A major goal of treating AL amyloidosis is the reduction or elimination of the monoclonal plasma cells that produce the amyloidogenic proteins. Therapeutic options have evolved from the use of melphalan and prednisone in the 1960s, to high-dose chemotherapy and stem cell transplantation in the late 1980s and 1990s, to the introduction of small novel molecules within the past decade.

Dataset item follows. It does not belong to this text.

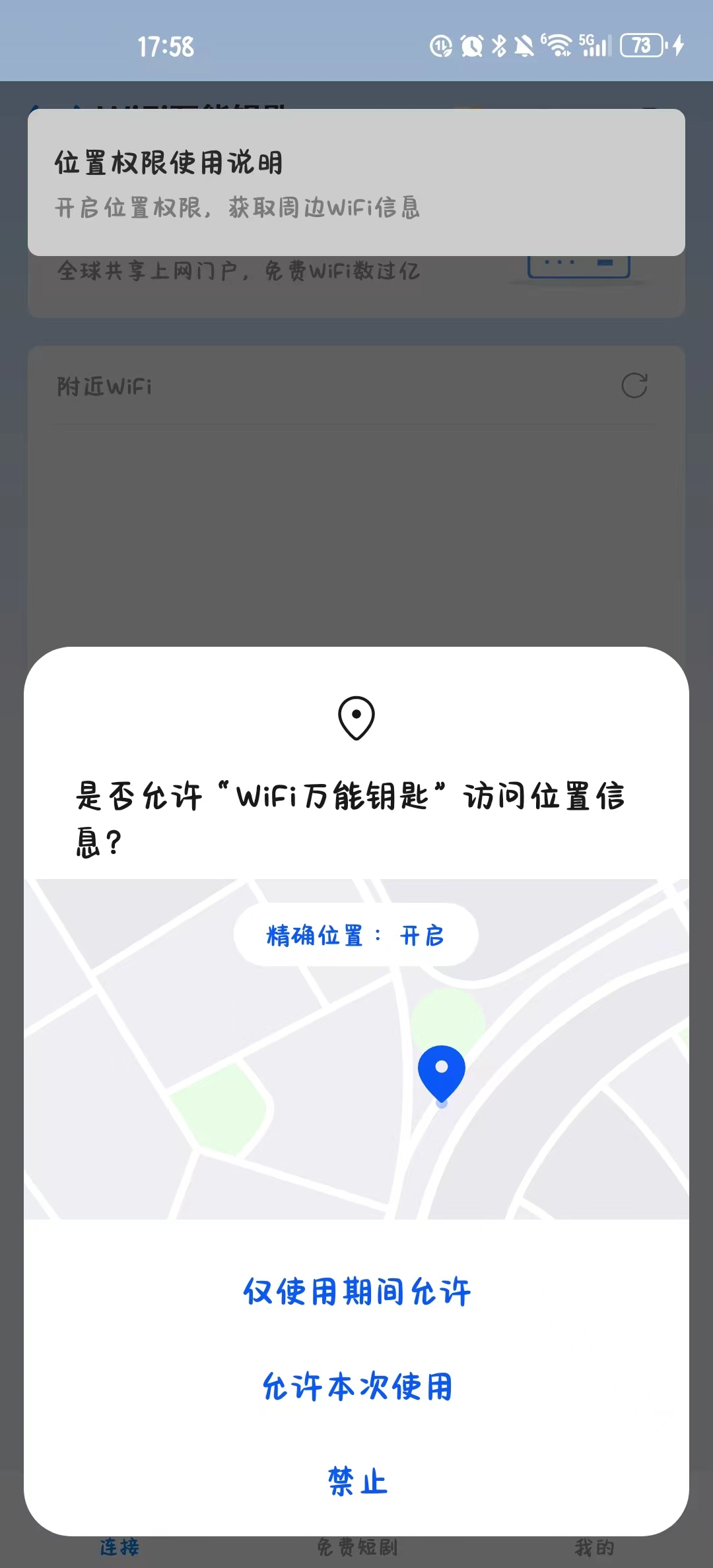 1、進入頁面后需要開啟地理位置權(quán)限,才能夠精準定位并查找附近免費WiFi;

The standard treatment of AL amyloidosis is the combination of melphalan and prednisone. This combination is superior to placebo and colchicine. Compared with placebo, treatment with melphalan and prednisone increases median survival time from 6 months to 12 months. This treatment, however, is less effective if the disease involves the heart or kidneys. While high-dose melphalan followed by autologous stem cell support results in higher response rates than that of conventional chemotherapy alone, this strategy is associated with high treatment-associated mortality (10–25%) and therefore must be used only in selected patients (eg, those without significant amyloid cardiomyopathy or involvement of three or more other major organs). However, of the patients who can tolerate this treatment, many experience the disappearance of monoclonal light chains from the serum and urine and the normalization of the number of bone marrow plasma cells. Furthermore, the function of organs involved with amyloid may improve (eg, reduced proteinuria). The treatment options for patients with severe amyloid cardiomyopathy or involvement of three or more other major organs include standard melphalan and prednisone or high-dose dexamethasone (with or without melphalan).

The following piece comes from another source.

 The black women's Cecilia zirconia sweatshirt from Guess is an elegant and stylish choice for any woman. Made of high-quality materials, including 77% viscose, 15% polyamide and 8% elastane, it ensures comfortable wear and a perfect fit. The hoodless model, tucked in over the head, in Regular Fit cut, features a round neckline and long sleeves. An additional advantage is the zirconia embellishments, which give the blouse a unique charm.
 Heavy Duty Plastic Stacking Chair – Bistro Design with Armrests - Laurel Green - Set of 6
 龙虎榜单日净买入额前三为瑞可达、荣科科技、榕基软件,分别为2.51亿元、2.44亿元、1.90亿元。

More recently, within the past decade, the management of the monoclonal gammopathies, including AL amyloidosis, has seen the introduction of targeted therapies. These include thalidomide, lenalidomide, and bortezomib. Thalidomide has been shown to be a feasible and effective treatment option. Lenalidomide has also been reported to be active, especially when combined with dexamethasone. Bortezomib is a reversible proteasome inhibitor that may be used in the treatment of AL amyloidosis, with or without dexamethasone. It has been shown to induce responses in 68% of pretreated patients and in 64% of patients with disease refractory to previous therapy. Bortezomib with dexamethasone has also been shown to be active in previously untreated patients with high-risk features. Furthermore, responses were rapid (median of 28 days), compared with those in dexamethasone- or thalidomide-based regimens (median, 2–4 months). Further trials have been proposed to compare the combination of bortezomib, melphalan, and dexamethasone to the current standard of melphalan and dexamethasone in patients with newly diagnosed AL amyloidosis.

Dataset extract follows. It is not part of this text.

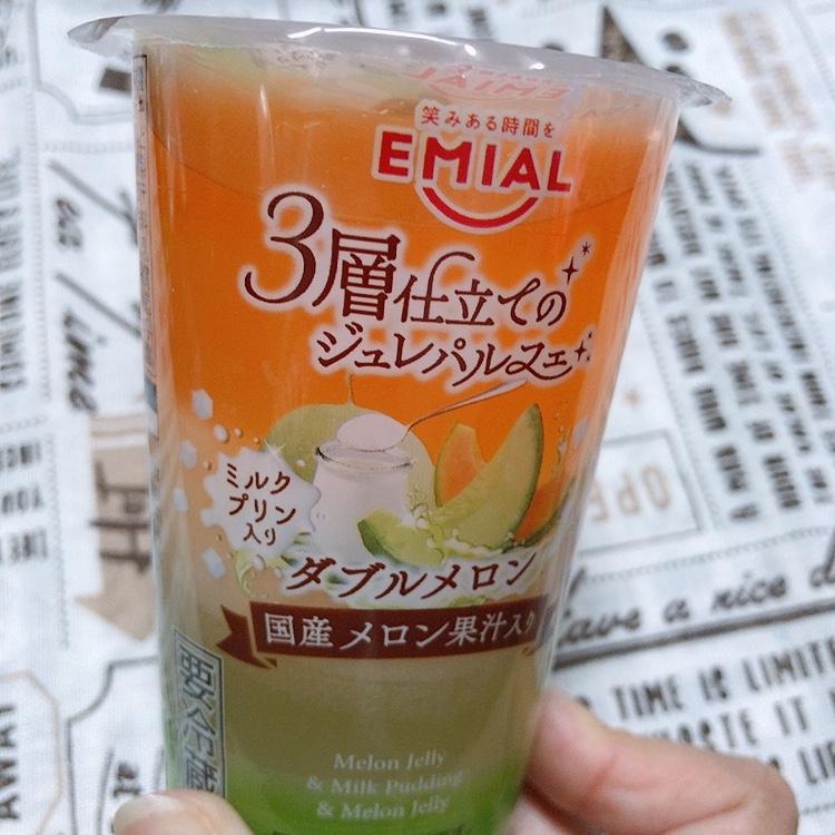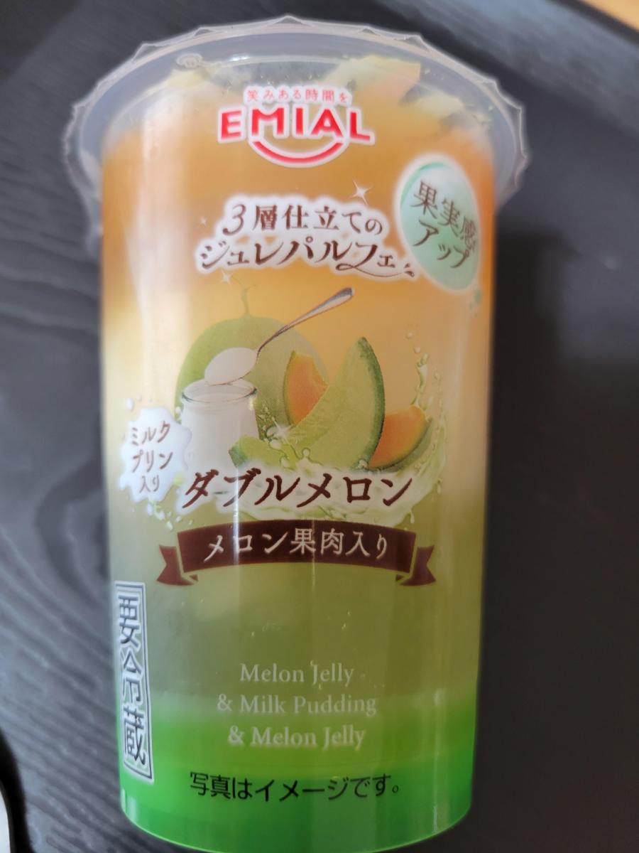 エミアルのデザートは、大好きです。3層仕立てのジュレパフェの、ダブルメロンに出会えたので、さっそく買いました。

In addition to treatment directed at the specific form of amyloidosis, most patients with amyloidosis, including those with AL amyloidosis, require supportive treatment (Table 57–2). The aims of supportive treatment are to relieve symptoms caused by amyloid involvement of various organ systems and to prolong survival. Organ transplantation (eg, heart) has been used successfully to treat organ failure in selected patients with AL amyloidosis. Organ transplantation, however, does not prevent amyloid deposition in other organs or in the transplanted organ.